Your task:
A verbatim reproduction of the following listing is required; omit the pictures.

======== Dataset content

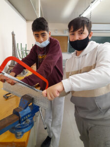 L’alumnat de 3r B, a l’àrea de Tecnologia, ha estat aprenent a serrar l’acer.
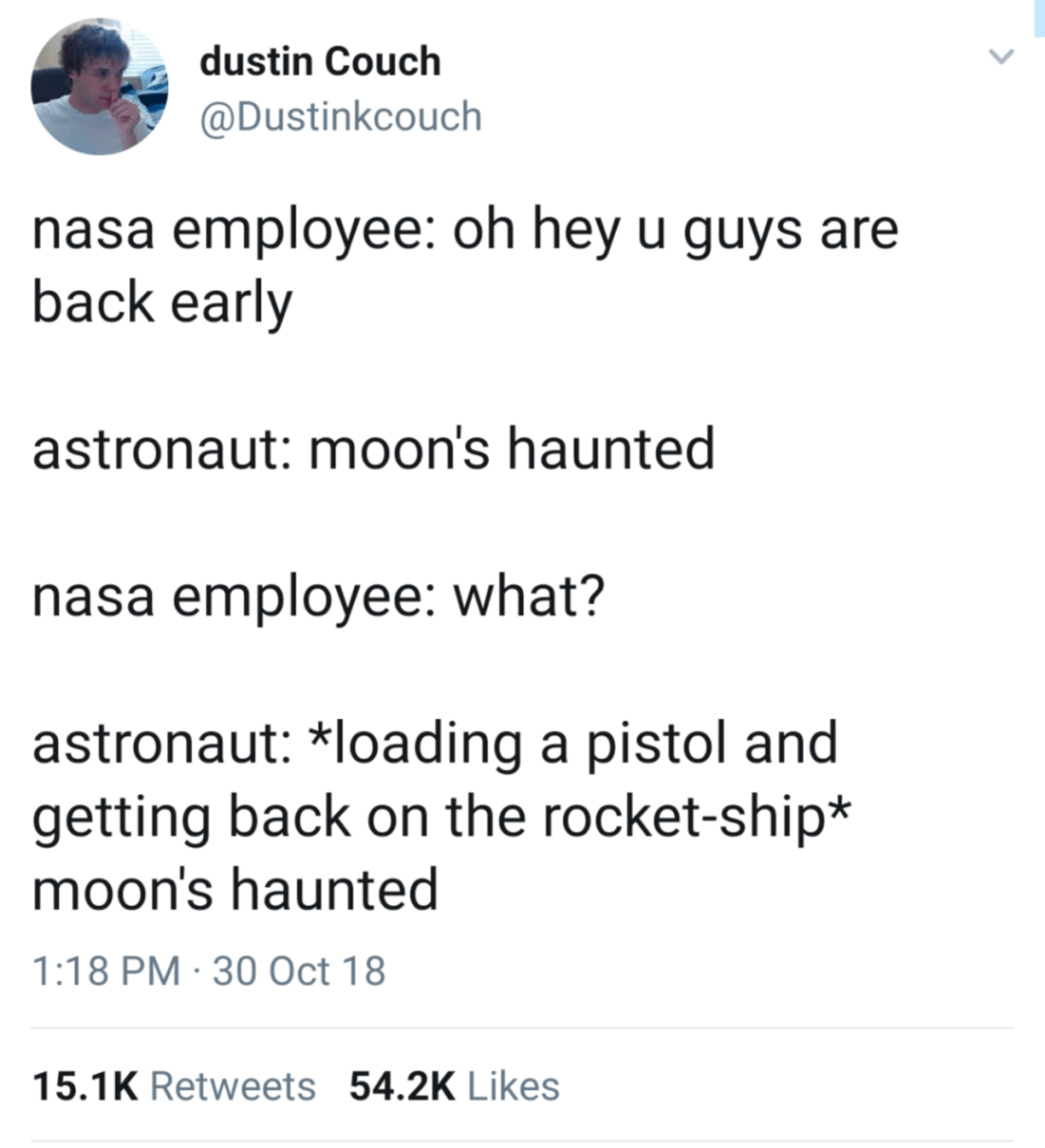 ‘you’re back early’ is the most hilarious phrase to me in this context. like, you’re back early. from the moon. which takes days to get back from, and also definitely the assistance of this nasa employee. but somehow we managed it and just decided to drop by nasa for you to make this casual remark. yep. a logical setup to any joke.
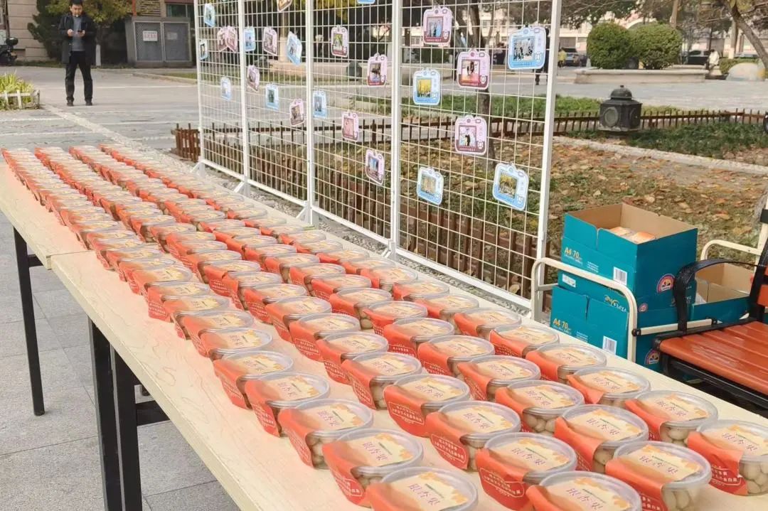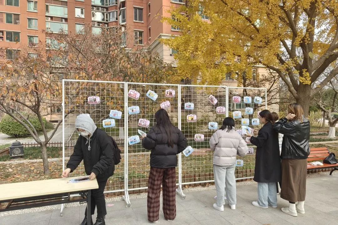 活动开始前,志愿者们安装活动立牌、布置专属明信片展示墙,配合物业工作人员布置活动场地。银杏树前挂满一张张作品,摆满一排排果实,吸引了大批社区居民驻足观看。

================

Task output:
 L’alumnat de 3r B, a l’àrea de Tecnologia, ha estat aprenent a serrar l’acer.
 ‘you’re back early’ is the most hilarious phrase to me in this context. like, you’re back early. from the moon. which takes days to get back from, and also definitely the assistance of this nasa employee. but somehow we managed it and just decided to drop by nasa for you to make this casual remark. yep. a logical setup to any joke.
 活动开始前,志愿者们安装活动立牌、布置专属明信片展示墙,配合物业工作人员布置活动场地。银杏树前挂满一张张作品,摆满一排排果实,吸引了大批社区居民驻足观看。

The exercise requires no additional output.